Interesting, I'll have to run thru my local Target and check it out, thanks.


----------



## degarb (Feb 15, 2008)

Bygolly, I saw something like this at Lowes. But all were lux 1's clearly, however one was very different and looked like your picture. While I have one browning with rebel for a good 3 days now, I really don't know what a rebel looks like.

Any one with better closeup of the led?

How is the beam and light from it? floody, spotty? Yellow? 

Did they run out of lux1's and put in rebels? Getting rid of recalled reb's? Please run through 4 continuous 5 hour cycles and get back to us if it still works?


----
I don't own a brick and mortar light I don't like, since they are easy to return.


----------



## JohnR66 (Feb 15, 2008)

I too got some test shots. Thanks for the other shots, so I don't have to upload so much. Anyhoo, Here is a clearer shot of the led. I'm pretty certain this is a Rebel. You can't see the electrical traces in the shot, but they are there and it matches the images on the Lumileds site.

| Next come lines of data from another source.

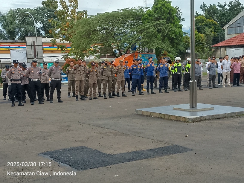 Apel Bersama Kesiapan Pengamanan Malam Takbiran Hari Raya Idul Fitri 1446 H di Wilayah Hukum Polsek Ciawi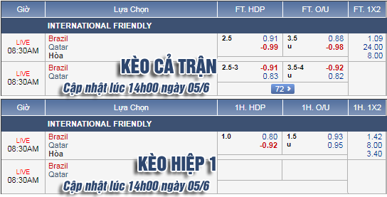 AEGoal.net chốt kèo trực tiếp trận Brazil vs Qatar diễn ra lúc 07h30 ngày 06/6 sau khi dựa trên tính toán, chuyển động về kèo châu Á và đội hình ra sân của 2 đội.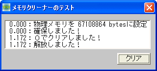 '= (VirtualAlloc.bas) '================================================================ #include "Windows.bi" ' 仮想アドレス空間に領域を確保 Declare Function Api_VirtualAlloc& Lib "kernel32" Alias "VirtualAlloc" (lpAddress As Any, ByVal dwSize&, ByVal flAllocationType&, ByVal flProtect&) ' 仮想アドレス空間に確保した領域を解放 Declare Function Api_VirtualFree& Lib "kernel32" Alias "VirtualFree" (lpAddress As Any, ByVal dwSize&, ByVal dwFreeType&) ' メモリブロックを指定の値で初期化 Declare Sub FillMemory Lib "Kernel32" Alias "RtlFillMemory" (Destination As Any, ByVal Length&, ByVal Fill As Byte) ' システムが起動してからの起動時間を取得 Declare Function Api_timeGetTime& Lib "winmm" Alias "timeGetTime" () #define MEM_COMMIT &H1000 'メモリ内またはディスクのページングファイル内に、指定されたページ領域に相当する物理的な記憶域を割り当 #define MEM_DECOMMIT &H4000 '物理メモリへのコミット解除 #define PAGE_READWRITE &H4 'コミット済みのページ領域に対する読み取りアクセスと書き込みアクセスの両方を許可 #define PAGE_NOCACHE &H200 'コミット済みのページ領域に対するキャッシュを禁止 Var Shared List1 As Object Var Shared Button1 As Object List1.Attach GetDlgItem("List1") : List1.SetFontSize 14 Button1.Attach GetDlgItem("Button1") : Button1.SetFontSize 14 '================================================================ '= '================================================================ Declare Sub Button1_on edecl () Sub Button1_on() Var AllocPtr As Long 'アドレス保存用変数 Var cSize As Long '掃除するサイズ Var nStart As Long Var nEnd As Long Var Ret As Long List1.ResetContent nStart = Api_TimeGetTime() '掃除するメモリーのサイズを設定 cSize = 64 '未指定で64メガバイトとする cSize = cSize * 1024 * 1024 'メガバイトをバイトに変換 nEnd = Api_TimeGetTime() List1.AddString Format$((CDbl(nEnd) - CDbl(nStart)) / 1000, "##.###") & ":物理メモリを" & Str$(cSize) & " bytesに設定!" 'メモリーの掃除 AllocPtr = Api_VirtualAlloc(ByVal 0, cSize, MEM_COMMIT, PAGE_READWRITE Or PAGE_NOCACHE) nEnd = Api_TimeGetTime() List1.AddString Format$((CDbl(nEnd) - CDbl(nStart)) / 1000, "##.###") & ":確保しました!" FillMemory ByVal AllocPtr, cSize, 0 nEnd = Api_TimeGetTime() List1.AddString Format$((CDbl(nEnd) - CDbl(nStart)) / 1000, "##.###") & ":0でクリアしました!" Ret = Api_VirtualFree(AllocPtr, cSize, MEM_DECOMMIT) nEnd = Api_TimeGetTime() List1.AddString Format$((CDbl(nEnd) - CDbl(nStart)) / 1000, "##.###") & ":解放しました!" End Sub '================================================================ '= '================================================================ While 1 WaitEvent Wend Stop End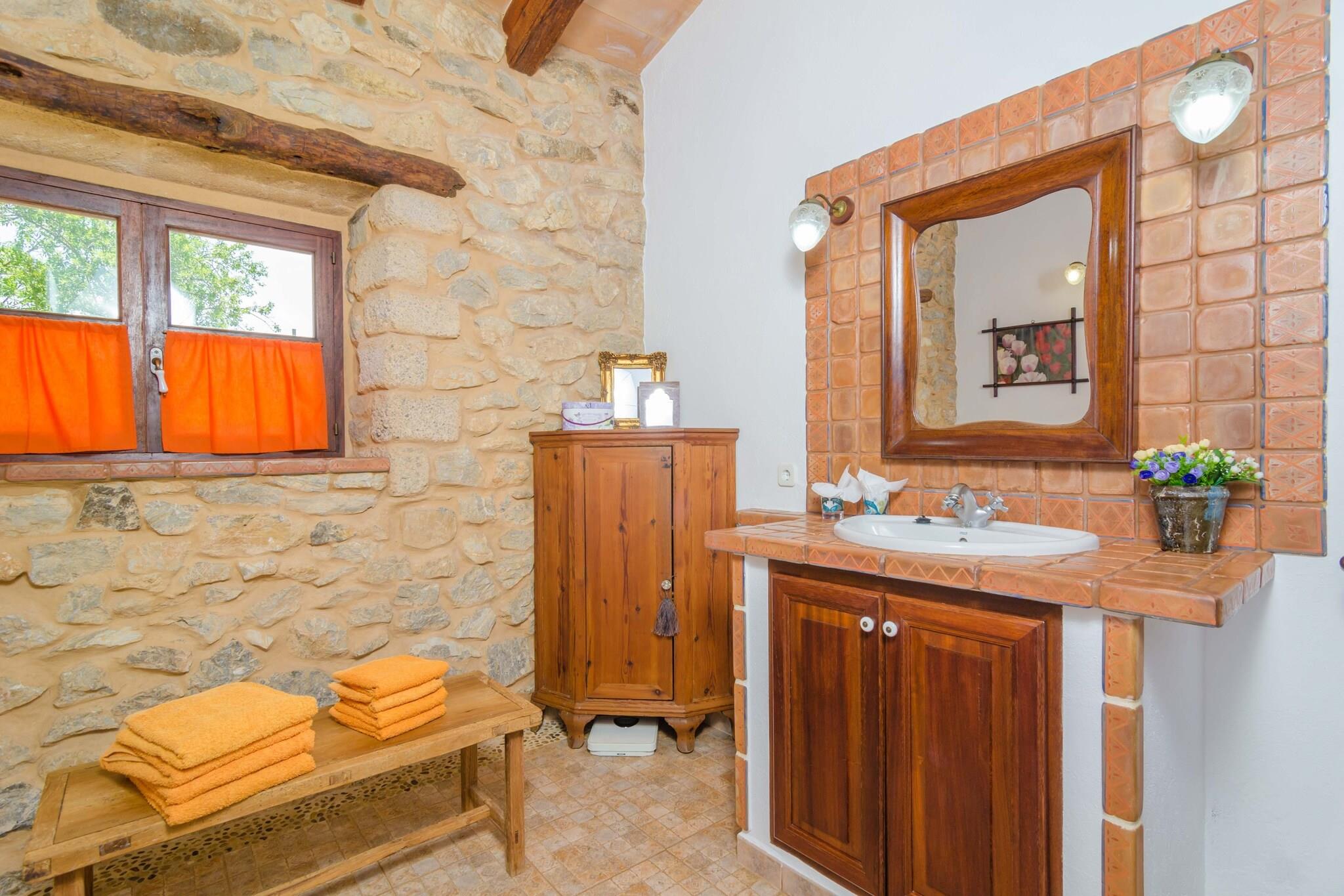 Denne charmerende villa, omgivet af frodige haver, byder på drømmende hjørner og total afslapning. Klorbassinet (7x4m, 0,8-1,6m dybde) er højdepunktet, ledsaget af 7 liggestole, et grillområde og flere udendørsområder, der er ideelle til spisning, læsning eller en drink. Der er også en udendørs bruser. Mens privatlivets fred er delvist på grund af nærliggende naboer, sikrer de fredelige omgivelser ro. Ejendommen består af to bygninger. Hovedhuset har to etager: et rustikt køkken-spisestue med keramisk kogeplade og ovn, 3 soveværelser (1 enkeltseng med en-suite, 1 dobbeltseng, 1 tvilling) og et andet badeværelse. Ovenpå finder du en rummelig stue med satellit-tv, naturstensvæg, brændeovn og adgang til det ydre. Der er centralvarme til vinteren. Annekset byder på 4. soveværelse med dobbeltseng og adgang til haven. Du finder også et gæstetoilet og et vaskerum med vaskemaskine og strygejern i garagen. Beliggende kun 2 km fra Artà, og omkring 6 km fra Son Moll-stranden og Capdepera Golf, er det ideelt for både strandelskere og vandrere. Kæledyr og arrangementer er ikke tilladt. Der er parkering til 3 biler.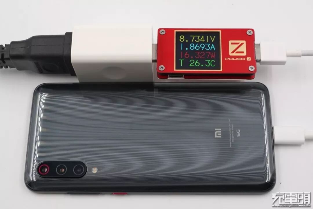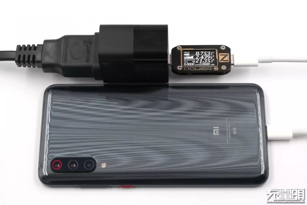 使用紫米1A1C30W充电器为小米9 Pro 5G充电,功率为8.75V2.43A 21.35W。握手PPS快充。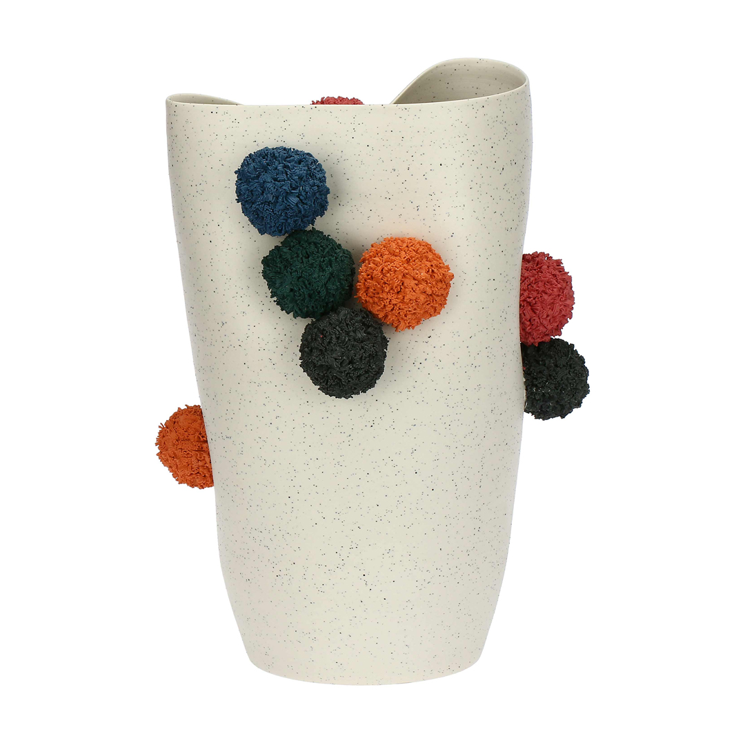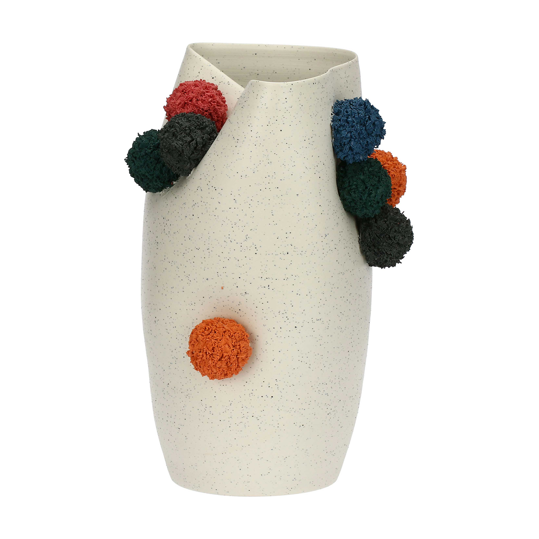 Jarrón con Pompón Mediano de Rituali Domestici: cerámica artesanal en tono crema con pompones de colores, diseño moderno y textura natural. Ideal para dar un toque original y artístico al hogar. 25cm de alto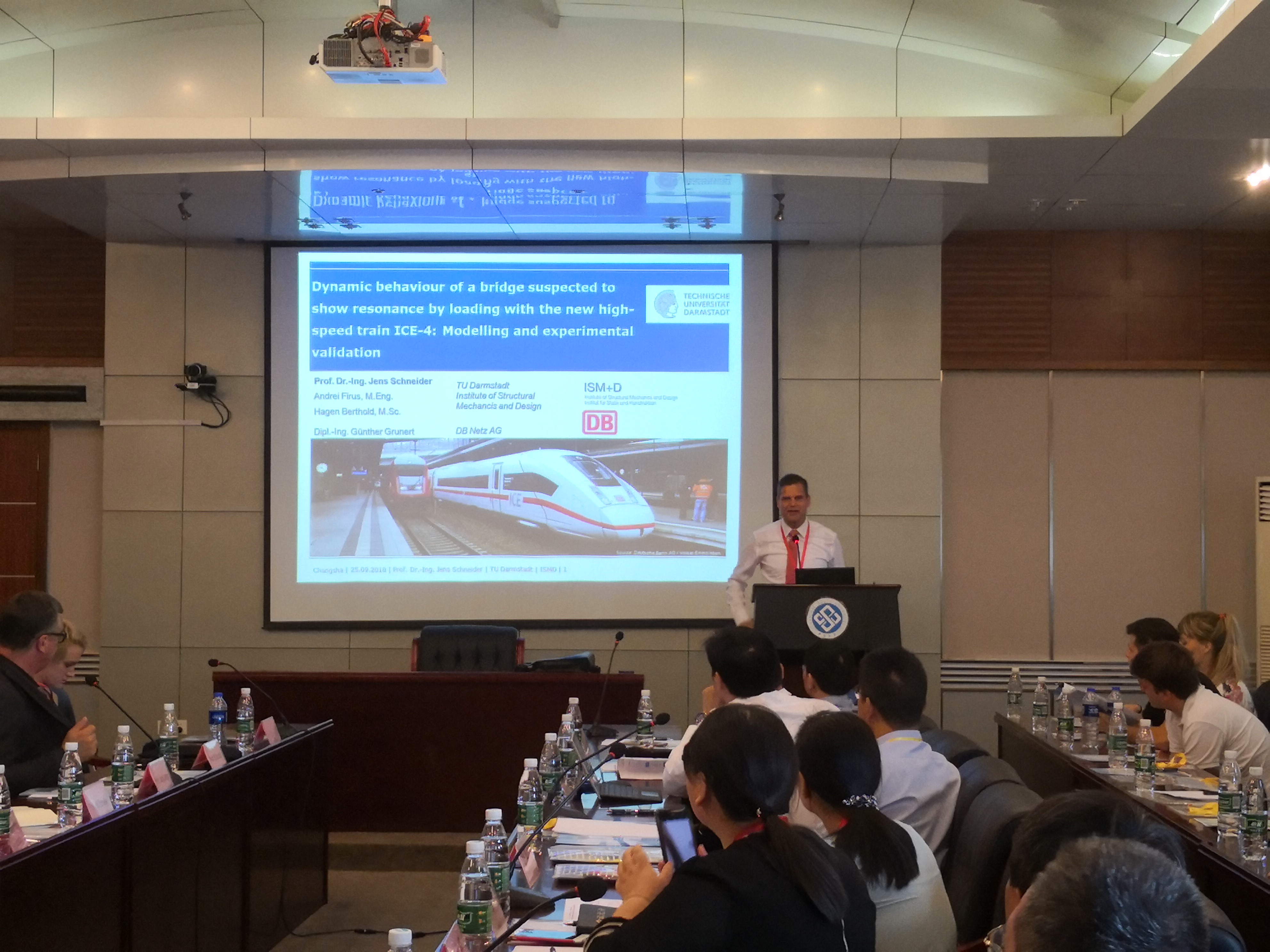 Jens Schneider 教授介绍了德国ICE-4列车作用下简支钢箱梁竖向共振特性研究。结合数值模拟与现场测试,发现有砟轨道非线性刚度特性对桥梁共振车速有较大影响。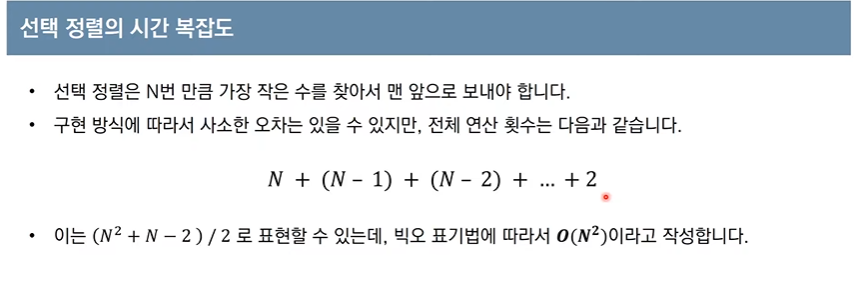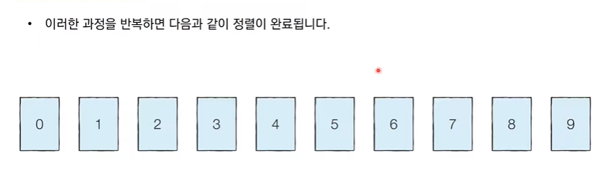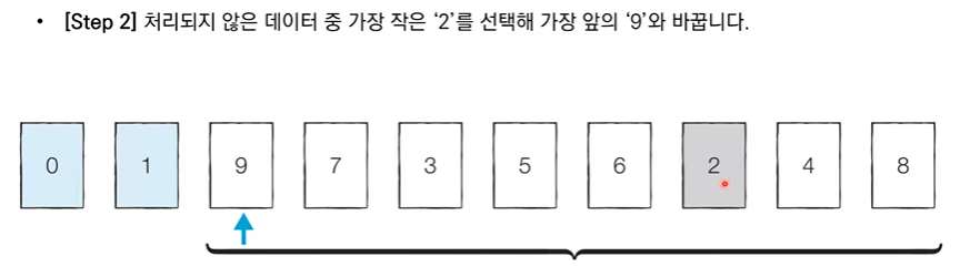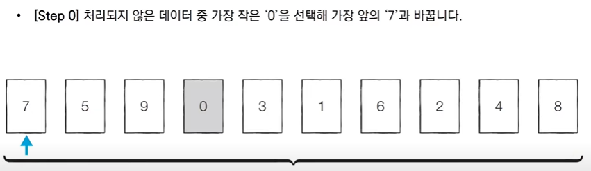 처리되지 않은 데이터 중에서 가장 작은 데이터를 선택해 맨 앞에 있는 데이터와 바꾸는 것을 반복합니다.

So there you have it. A Rebel in a $20 department store light.


----------



## degarb (Feb 15, 2008)

That's the guy I saw at Lowes. Hope it is still there, since the stock at my local Target is spotty and inconsistent. The flashlights alone are broken into about 6 sections scattered across back side of store, with many missing lights found at Target across town--I guess to encourage the female foraging instinct.

Would you describe it floody or spot? I suppose the reflector is pretty important for usefulness of the lumens. Looking forward to beam shots.


----------



## matrixshaman (Feb 16, 2008)

Thanks everyone for the research, pics and confirmations! That indeed does look like a Rebel. 
kevinm - I moved out of CO recently and unfortunately there's not a Target even remotely close. If these are replacing the older models though it sounds like they may start showing up at Lowe's too and that's a reachable destination. 
It does look like the same basic reflector with just the LED swap. Looks like it might have some artifacts if that reflector is totally smooth. But double the runtime is nice in a headlamp...


----------



## Brlux (Feb 17, 2008)

From the last picture it looks like one of the older non TFFC Rebels. The TFFC only had yellow phosphor on the led die where as the older Rebels (non TFFC and non recalled) had the yellow phosphor covering the entire top of the package. I think the highest Lumen/Watt rating for these older stile Rebels was 50 so they are only half as efficient as the Rebel 100 TFFC chips that were ended up in the recall, but they are still an improvement over the old Luxeon 1W and 3W and I am glad to see them in a common item marketed to the masses.


----------



## degarb (Feb 17, 2008)

Picked on up from Lowes. Boy what an ugly light! Just reaks ugly and cheap. "Would I want to be caught in the dark with this on my head?", I thought.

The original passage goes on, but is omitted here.